The move is already drawing a negative reaction from the Chicago Teachers Union because it does not give laid-off teachers preferential access to new jobs that open up.

“You can’t have a layoff policy unless you have a recall policy,” union spokeswoman Liz Brown said. “Layoff means you have a way of calling them back in.”

When economic layoffs hit a school building, the district will lay off teachers without appropriate certification first. Teachers whose last performance rating was “unsatisfactory” will come next, followed by retired and temporary teachers.
 
Only then will CPS dismiss probationary teachers (who have not yet earned tenure), followed by tenured teachers.
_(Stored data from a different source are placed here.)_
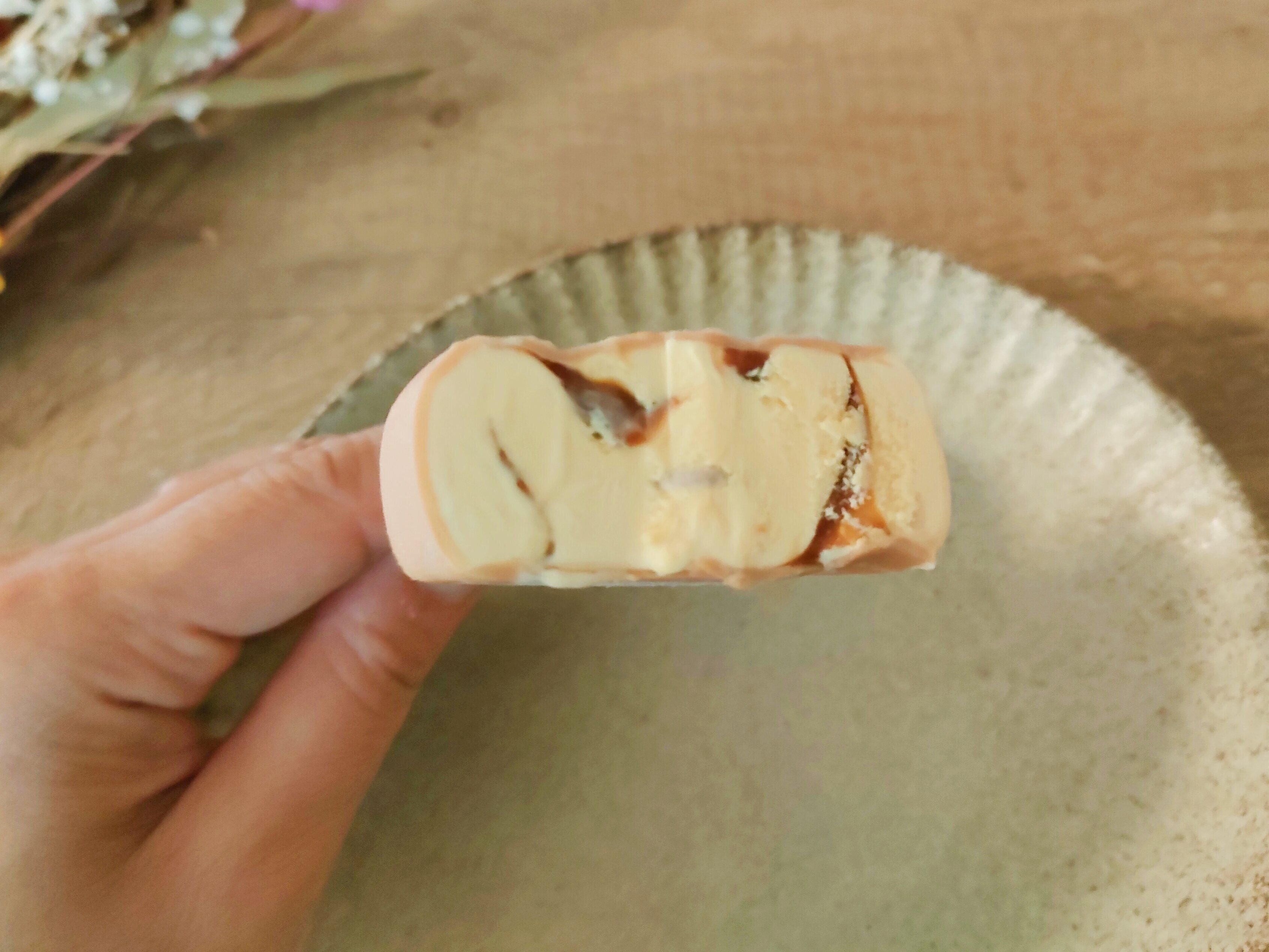 外側のチョコレートはキャラメルチョコになっていて、パルム特有の柔らかさは健在!
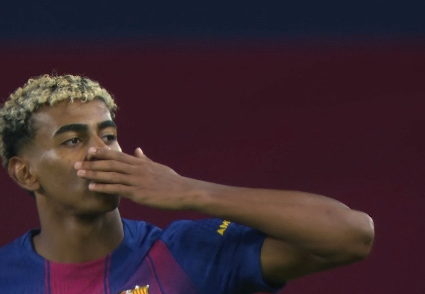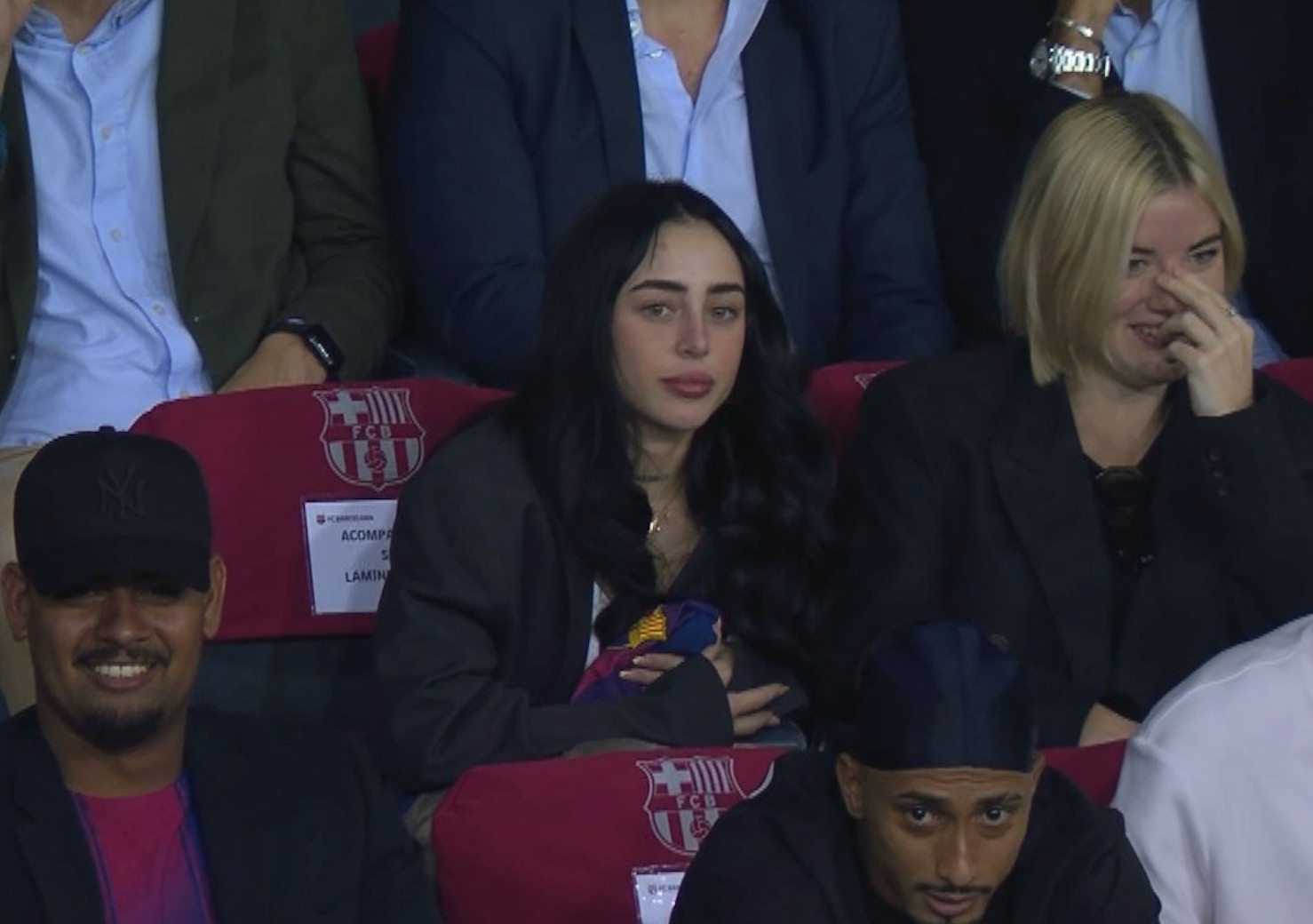 进球后,亚马尔对着看台送出飞吻,而他的女朋友、阿根廷女歌手Nicki Nicole在现场见证了这一幕。
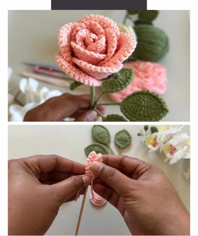 Next, the video demonstrates how to start the rose by crocheting a long foundation chain, which forms the base of the petals. The instructor carefully walks viewers through each stitch with clear, close-up shots, ensuring beginners can easily follow along. After completing the chain, she shows how to build the petals in rows using a combination of double and single crochets. As the petals form, the instructor gives helpful tips on keeping even tension and counting stitches to avoid mistakes. The pace is slow and beginner-friendly, making it easy to pause and practice each step.
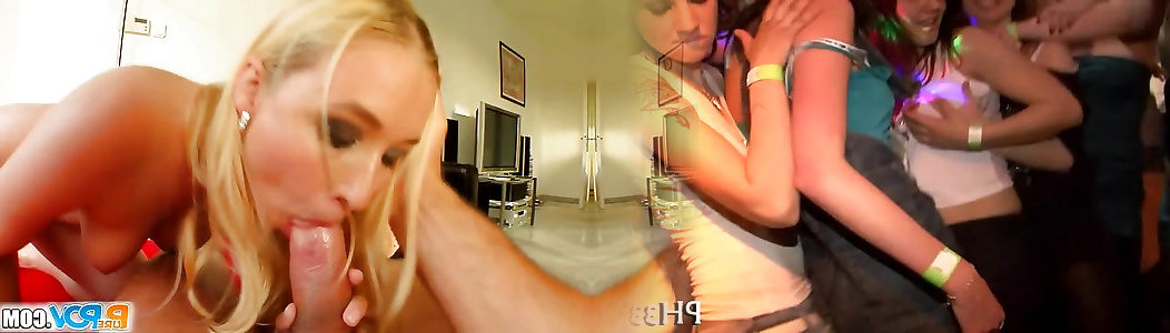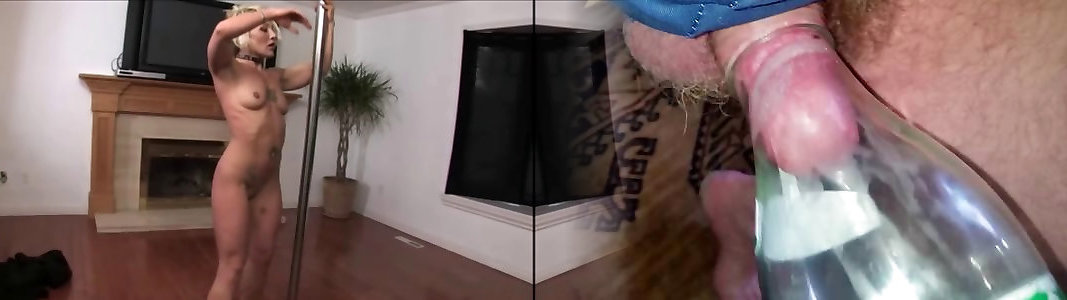 Horny platinum-blonde unclothes and pole dances at a party before Oral
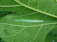 参考:スカシノメイガ幼虫は側面の黒点が左右に4つ。クワノメイガは多数。
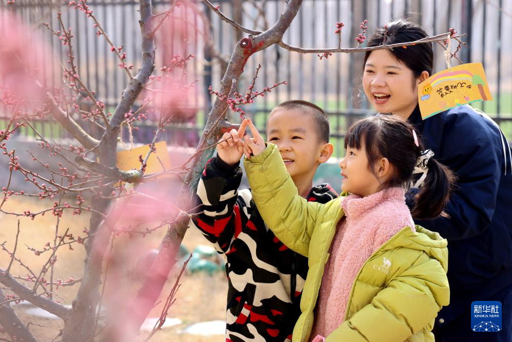3月12日,山东省邹平市高新街道中心幼儿园的孩子们在室外观看树木的花苞。
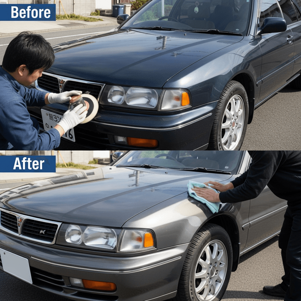ディアマンテワゴンはヘッドライトの黄ばみとボディの鉄粉が第一印象を損ねます。研磨+鉄粉除去クリーナー+ワックスで輝きを取り戻せば「程度良好」と判断され+4~7万円の効果。
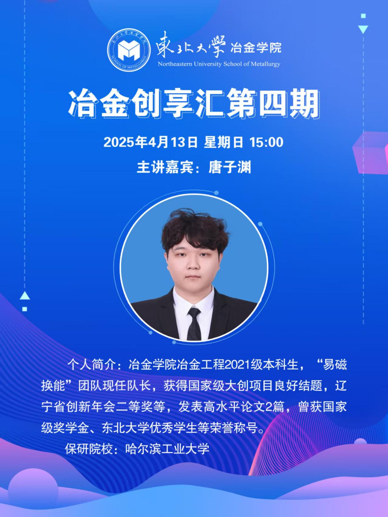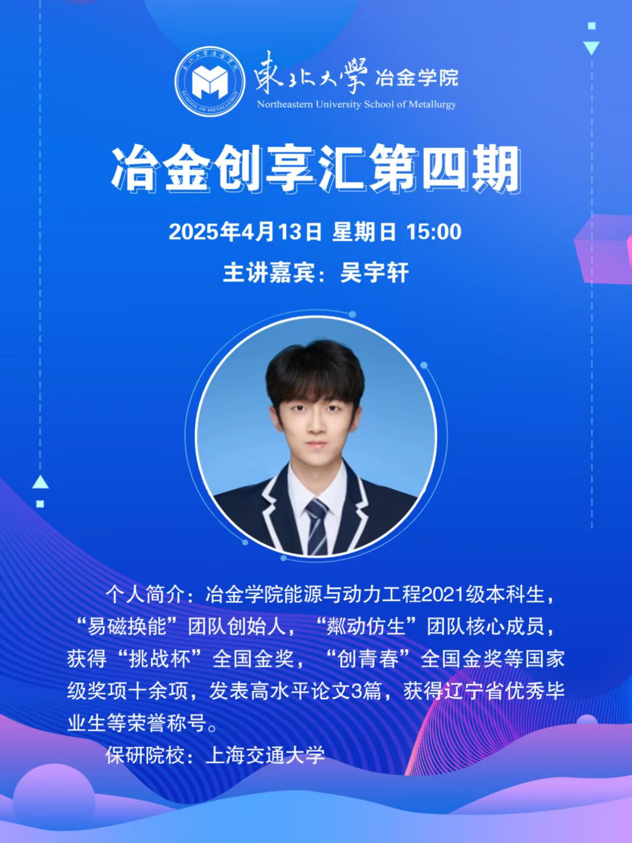 最近有很多同学对于如何跨学院、跨学科寻找合适团队、发掘自身兴趣提出了疑问。那么,我们可以怎么做呢?冶金科协将于4月13日(周日)下午举办冶金创享汇第四期——“易磁换能”团队与“粼动仿生”团队跨学科经验交流分享会。在本期创享汇中,你能够学到如何进行多学科融合的创新创业,帮你找准在跨学科团队中的角色,发挥专业优势,实现高效协作,可以了解到如何从选题挖掘创新点,到整合资源推进,再到成果转化,剖析完整流程。同时你也可以与优秀的团队和学长学姐面对面交流,了解他们是如何进行跨学科融合,取得成功。不仅如此,在这里你还可以与其他同学交流想法,寻找共鸣,找到那些对你想法感兴趣、且拥有不同专业技能的伙伴,一起组建一个多元化的团队。
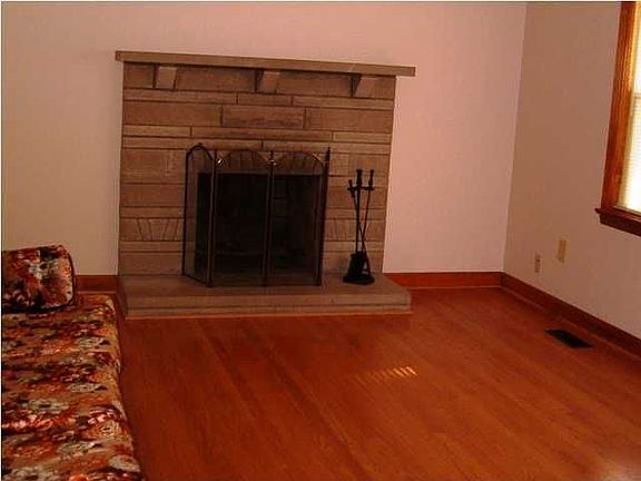 This beautiful completely remodeled 3 beroom, 2.5 bath Bedford stone home has full walk-out basement, 2 car finished attached garage, red oak hardwood floors, tile kitchen, dining room and bathroom. Custom cabinets, 2 stone wood burning fireplaces. Spacious family rooms and bedrooms. Also has an extra garage with large workshop. has 175' road frontage, large yard, mature shade trees.
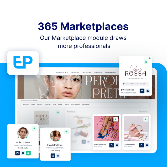 Our Marketplace module draws more professionals from search engines to your live show and drives engagement year-round by connecting buyers and sellers online.

However, the number of teachers affected by the changes last year was small. According to court papers CTU filed in August 2010, just 6 percent of the 426 teachers laid off at Track E schools had received unsatisfactory evaluations.

District spokeswoman Becky Carroll said that the measure “is not a new layoff policy,” but rather codifies the district’s layoff procedures into one document. “Annual layoffs due to school actions, enrollment drops and other [reasons] are not final as of today,” she said in an email.

The policy also outlines the employment opportunities the district offers laid off tenured teachers, such as career fairs, substitute jobs, an online hiring profile and resume writing workshops. That may be a move to head off future legal challenges to the policy.

A district court judge granted the union an injunction against future layoffs without a right to recall, and the U.S. Seventh Circuit Court of Appeals upheld that decision (though at the time, CPS also claimed victory). But on June 13 vacated its own opinion, saying that there were unanswered questions about how to interpret Illinois law on tenure and layoff rights.

CPS contends that existing school law allows it to set layoff criteria, but the union claims that the district must offer laid-off teachers an opportunity to be recalled into any new positions that open up.

The court battle will not be affected by changes to teacher layoffs in Illinois Senate Bill 7, recently signed by Illinois governor Pat Quinn. The section of the law that governs layoffs doesn’t apply to Chicago.

“Statute already requires Chicago to do performance-based layoffs,” said Jessica Handy, policy director with Stand for Children-Illinois, one of the groups that pushed for the bill. “It was an area that CPS and CTU didn’t want to mess with” because of the pending litigation.